By disposing data differently based on the up-to-dateness, it prevents performance degradation when searching and processing statistics caused by large amounts of data, reduces storage costs, and improves data reliability. Based on accumulated data, Kibana is in charge of visualization that helps us to tell insights and stories. Kibana started as a user interface(UI) tool for data visualization of Elasticsearch and has become an important axis of the Elastic Stack as it has been extended to Elastic Stack administrator functions. To use Kibana, we first need to set an index pattern. The index pattern informs Kibana of the Elasticsearch index that the user wants to investigate. We can create an index pattern for a specific index, just select the index pattern when searching for data or running a visualization.

Kibana application consists of three main menus: Discover, Visualize, and Dashboard. Discover is a tool that allows us to search or filter the original document. We can check the structured appearance of the collected data, search for necessary data, and simple statistics of the data that make up the field.

[Figure 6] Kibana's Discover Menu Screen
(Source: https://logz.io/blog/runkeeper-elk-stack)

Visualize visualizes and displays accumulated data in various formats, such as bar graphs, pie charts, tile maps, and maps. Generated graphs and charts support embedded code for use in systems other than Kibana. When data changes, we can select either a saved object that is reflected in graphs and charts, or a snapshot that does not apply the changes.

[Figure 7] Kibana's Visualize Menu Screen
(Source: https://logz.io/blog/runkeeper-elk-stack)

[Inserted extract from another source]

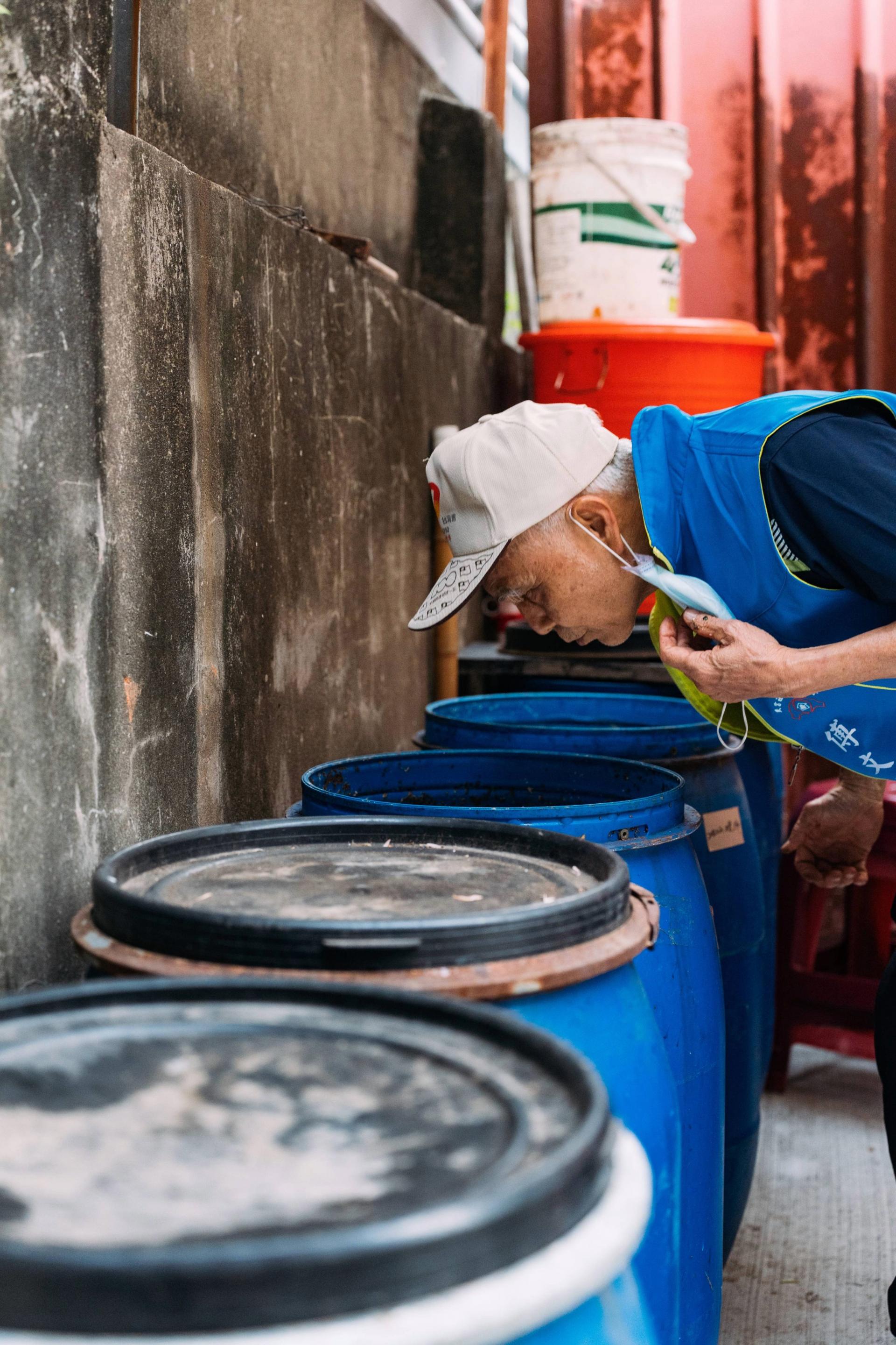 民富社區的里民各個身懷絕技,里長也巧妙地穿針引線,讓里民朋友的不同專業被大家看見。民富社區文化推廣據點每週固定舉行共餐活動,持續關心自然生態、環保理念的里民傅文燦引入「環保酵素」處理廚餘問題。傅文燦熟練地將葉菜、莖梗與水果皮等廚餘切成小塊,倒入調配好的溶劑中,累積足夠的廚餘之後,只要關緊桶子靜待三個月,等待菌種生成,再進行過濾,環保酵素就完成了。傅文燦分享,經過多次實驗,發現環保酵素的用途多元,可以倒入據點後方的水溝,解決油汙堆積而產生的臭味,又或是灌溉民富花園的花花草草,讓土地更肥沃。

Dashboard collects objects visualized through Visualize and allows them to be viewed on a single screen. We can drill down on problems and specifics under various conditions that meet the data creation time and use case. This is an important function that helps us intuitively check debugging or problems through APM in operation and development. In the detection of anomalies in Elasticsearch Machine Learning, if it is out of general normal conditions, we can point the problem out through visualize and dashboard and take a prompt action.

[Figure 8] Kibana's Dashboard Menu Screen
(Source: https://towardsdatascience.com/an-overview-on-Elasticsearch-and-its-usage-e26df1d1d24a)

In addition to Discover, Visualize, and Dashboard, Kibana can monitor each cluster and node of Elasticsearch. This status data is periodically collected from each node, and by setting a threshold, we can receive notifications by e-mail, etc. when a risk occurs, or we can quickly respond without human intervention by running an automatic script through a webhook for instance.

[Figure 9] Kibana's Monitoring Menu Screen
(Source: https://www.elastic.co/guide/en/kibana/current/Elasticsearch-metrics.html)


Elasticsearch mounts security information and event management (SIEM) solutions on Kibana to proactively defend and take action against external system attacks or anomalies. Since this part requires an understanding of Elasticsearch SIEM based on various use cases, we will discuss it in detail in the next opportunity, and this time, we will look at the authentications and authorizations of Elasticsearch.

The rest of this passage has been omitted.